Dataset extract Block Start

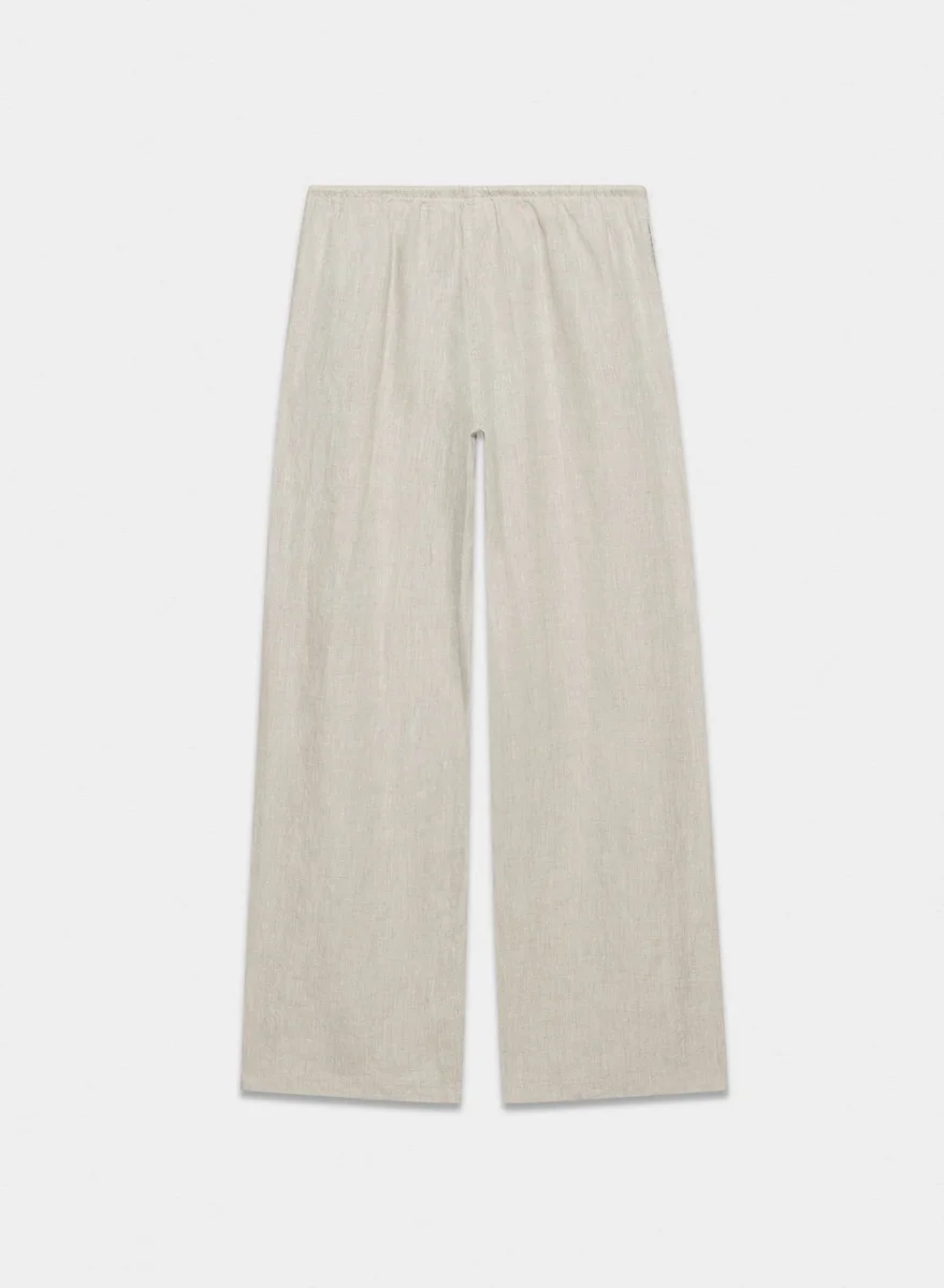 These are pull-on wide leg pants with a drawcord waist and inseam pockets. They’re made from breathable 100% linen with a subtle natural texture and soft, airy feel.
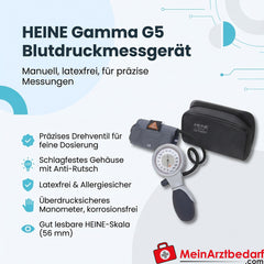 Scope of delivery: 1 x HEINE Gamma G5 manual blood pressure monitor, latex-free, including 1 washable 1-tube paediatric cuff (children's cuff, Velcro fastener), inflation ball and manometer - Manufacturer: Heine
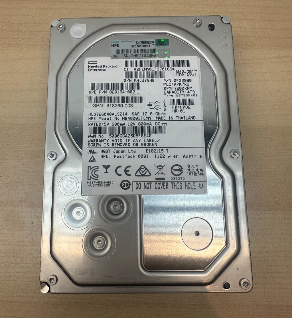 820194-002 818369-003 HP 4TB 7.2K SAS 12G 3.5in HDD server TESTED 100%

Dataset extract Block End

Task to carry out: Set down the data above exactly as written. Omit the pictures.

Result for this task:
 These are pull-on wide leg pants with a drawcord waist and inseam pockets. They’re made from breathable 100% linen with a subtle natural texture and soft, airy feel.
 Scope of delivery: 1 x HEINE Gamma G5 manual blood pressure monitor, latex-free, including 1 washable 1-tube paediatric cuff (children's cuff, Velcro fastener), inflation ball and manometer - Manufacturer: Heine
 820194-002 818369-003 HP 4TB 7.2K SAS 12G 3.5in HDD server TESTED 100%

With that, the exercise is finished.